Third, effective January 1, 2004, all employment applications must have language which states that the applicant is not “obligated to disclose sealed or expunged records of conviction or arrest.” In addition, the law reiterates that an employer may not ask if any such records were sealed or expunged - - something that is already prohibited under Illinois law. However, under this new provision, I strongly urge all employers to review their applications and revise them if necessary.

Fourth, and again effective January 1, 2004, Illinois employers may no longer contract for temporary workers with any agency that is not registered with the Illinois Department of Labor. The Department may subpoena records to monitor compliance. A list of registered agencies can be found at http://state.il.us/agency/idol/listings/dlagency.htm. In addition, a companion law prohibits employers from using temporary agencies as a method for replacing striking or locked-out employees.

Fifth, and once again effective January 1, 2004, Illinois enacted the Equal Pay Act. This new law prohibits an employer from paying unequal wages to men and women for “the same or substantially similar work on jobs the performance of which requires equal skill, effort and responsibility, and which are performed under similar working conditions.” Exceptions include seniority, merit systems, and quantity or quality of production factors. Although similar to existing Federal law, the Illinois version extends to more employers and employees, and also provides employees with additional time within which to pursue violations. This law also prohibits an employer from discriminating against any employees who ask about, disclose or discuss their own, or another’s, compensation.

Sixth, and also effective January 1, 2004, a new law prohibits employers from preventing employees from disclosing information to a governmental agency regarding violations of the law. Employers are also prohibited from discriminating against such “whistle blowers” and may not retaliate against employees who refuse to participate in activity that would result in the violation of any law.

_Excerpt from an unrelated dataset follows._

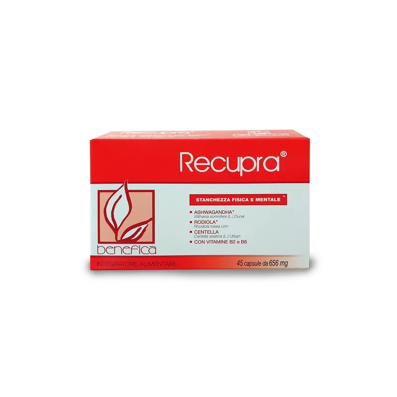 Ingredienti Ashwagandha [Withania somnifera (L.) Dunal, radice] e.s. tit. al 2,5% withanolidi, rodiola (Rhodiola rosea L., radice) e.s. tit. al 3% rosavine, involucro capsula (agente di rivestimento: idrossipropil metil cellulosa); agente di carica: fosfato di calcio; centella [Centella asiatica (L.) Urb., parti aeree] e.s. tit. al 20% in triterpeni totali; agenti antiagglomeranti: biossido di silicio (nano), sali di magnesio degli acidi grassi; vitamina B6 (cloridrato di piridossina), vitamina B2 (riboflavina).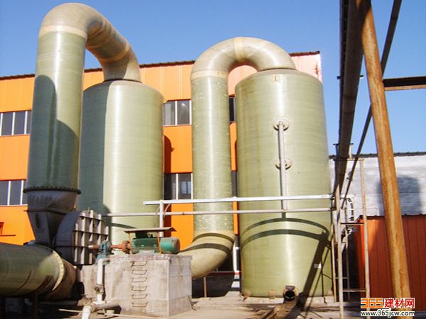 根据净化塔各部件的工作环境,分别选用了耐碱性能好和结构强度高的树脂,外表采用防水、防老化性能好的胶衣树脂。为增强塔体强度,塔体外壳采用了若干纵向加强盘,并根据各种型号的体型大小分别采用了圆筒形双筒体分段与分片相结合的综合结构。因净化塔长期工作在酸碱性腐蚀气体的环境中,除随塔体自身压力及溶液压力外,还要随工作时的风压(风机全压在 200_250H 2 O ) , 要求全部玻璃钢制件既要有良好的耐腐蚀性能,又要保持较高的抗拉、抗压强度,因此,我公司在充分考虑和排除了强腐蚀下的强度折减系数及手糊成型工艺的离散性能因素后,针对塔型结构和使用环境特点,按*恶劣的工作环境下,整个玻璃钢部件及保持富裕的储备强度。

Seventh, and of particular importance for those who contract with the State, is the Illinois Prohibition of Goods from Forced Labor Act. This act, again effective January 1, 2004, states that, except for public works contracts, contracts entered into by the State for the procurement of goods must specify that any foreign-made goods under the contract were not produced by forced, convict or indentured labor. A knowing violation of this law may result in the contract being voided, the contracting business being suspended from doing business with the state, and the imposition of substantial penalties. The statute leaves silent how your business is supposed to ascertain this information. Proceed at your peril, or even better, buy American.